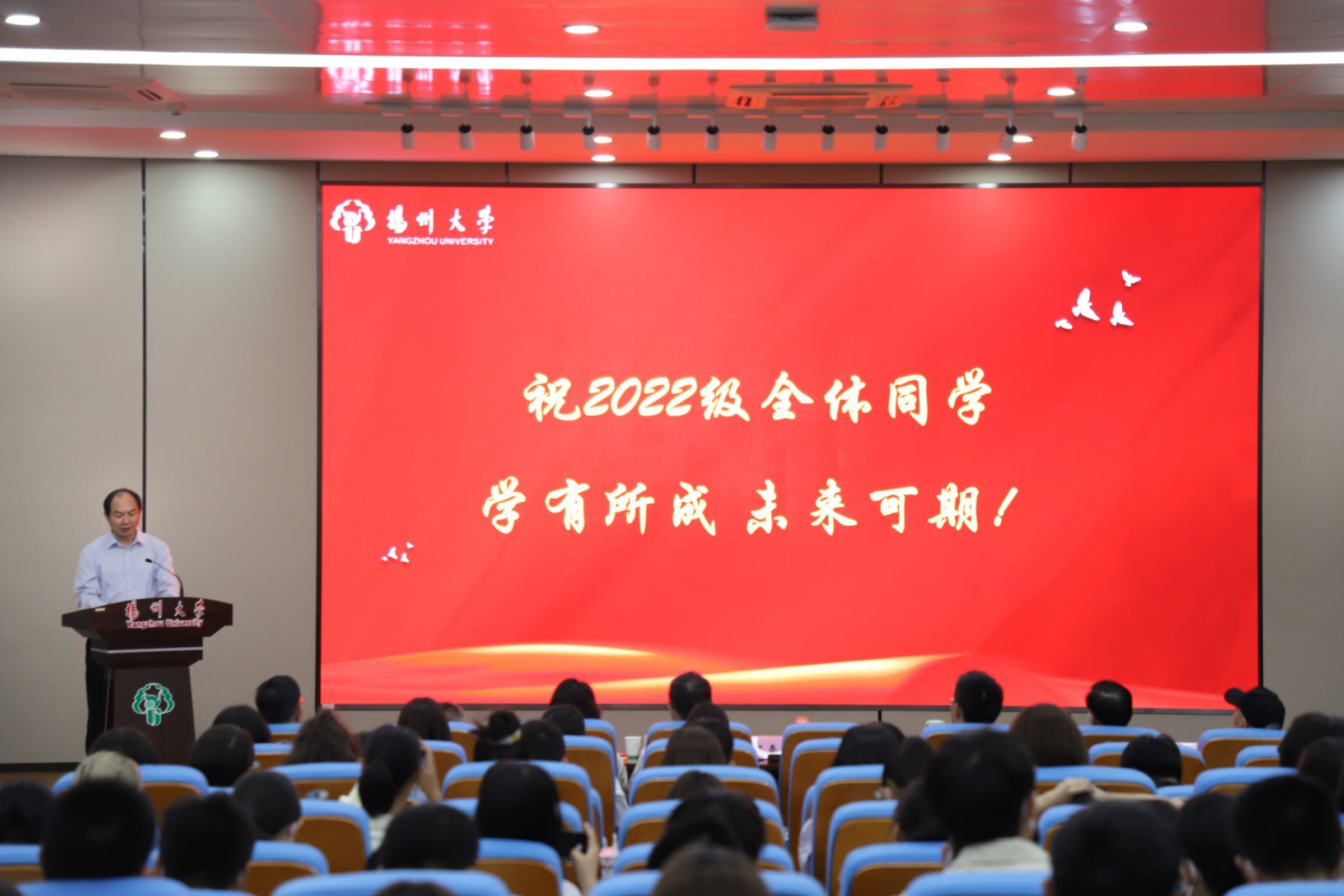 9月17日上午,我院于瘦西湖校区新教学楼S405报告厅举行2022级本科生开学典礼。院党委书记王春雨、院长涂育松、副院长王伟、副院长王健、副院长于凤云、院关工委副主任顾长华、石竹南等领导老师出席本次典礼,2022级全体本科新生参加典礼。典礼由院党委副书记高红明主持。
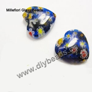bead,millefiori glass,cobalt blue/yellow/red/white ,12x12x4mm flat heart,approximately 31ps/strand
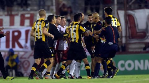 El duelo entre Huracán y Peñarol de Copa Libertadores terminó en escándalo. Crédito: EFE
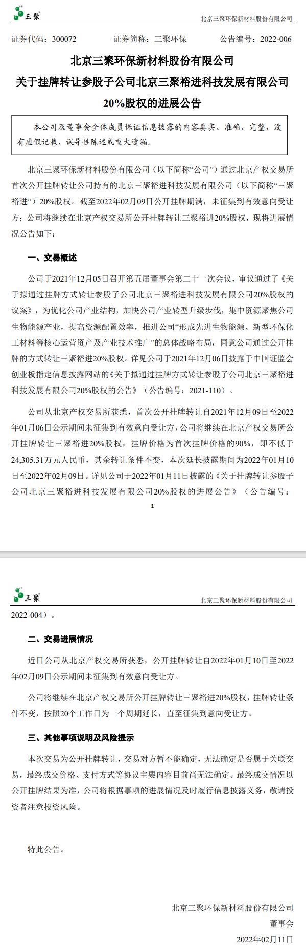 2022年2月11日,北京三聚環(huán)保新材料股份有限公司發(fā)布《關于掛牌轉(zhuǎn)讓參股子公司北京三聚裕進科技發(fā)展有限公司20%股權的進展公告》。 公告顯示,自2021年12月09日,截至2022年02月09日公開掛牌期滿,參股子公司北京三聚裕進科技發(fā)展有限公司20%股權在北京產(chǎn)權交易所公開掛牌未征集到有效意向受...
# # #
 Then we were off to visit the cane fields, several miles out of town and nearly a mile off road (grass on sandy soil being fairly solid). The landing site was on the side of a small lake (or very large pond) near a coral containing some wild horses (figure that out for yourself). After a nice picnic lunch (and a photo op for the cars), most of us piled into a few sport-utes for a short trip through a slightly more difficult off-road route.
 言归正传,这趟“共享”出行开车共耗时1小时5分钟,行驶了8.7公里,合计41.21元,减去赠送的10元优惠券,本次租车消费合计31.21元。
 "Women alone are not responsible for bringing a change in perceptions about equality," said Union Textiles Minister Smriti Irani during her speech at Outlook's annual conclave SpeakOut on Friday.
# # #
YOUR TASK – Would you please repeat only the lines above, beginning at the one that has "9月17日上午,我院于瘦西湖" and stopping after the one that has "2022年2月11日,北京三", exactly and with no pictures?

RESULT –
 9月17日上午,我院于瘦西湖校区新教学楼S405报告厅举行2022级本科生开学典礼。院党委书记王春雨、院长涂育松、副院长王伟、副院长王健、副院长于凤云、院关工委副主任顾长华、石竹南等领导老师出席本次典礼,2022级全体本科新生参加典礼。典礼由院党委副书记高红明主持。
bead,millefiori glass,cobalt blue/yellow/red/white ,12x12x4mm flat heart,approximately 31ps/strand
 El duelo entre Huracán y Peñarol de Copa Libertadores terminó en escándalo. Crédito: EFE
 2022年2月11日,北京三聚環(huán)保新材料股份有限公司發(fā)布《關于掛牌轉(zhuǎn)讓參股子公司北京三聚裕進科技發(fā)展有限公司20%股權的進展公告》。 公告顯示,自2021年12月09日,截至2022年02月09日公開掛牌期滿,參股子公司北京三聚裕進科技發(fā)展有限公司20%股權在北京產(chǎn)權交易所公開掛牌未征集到有效意向受...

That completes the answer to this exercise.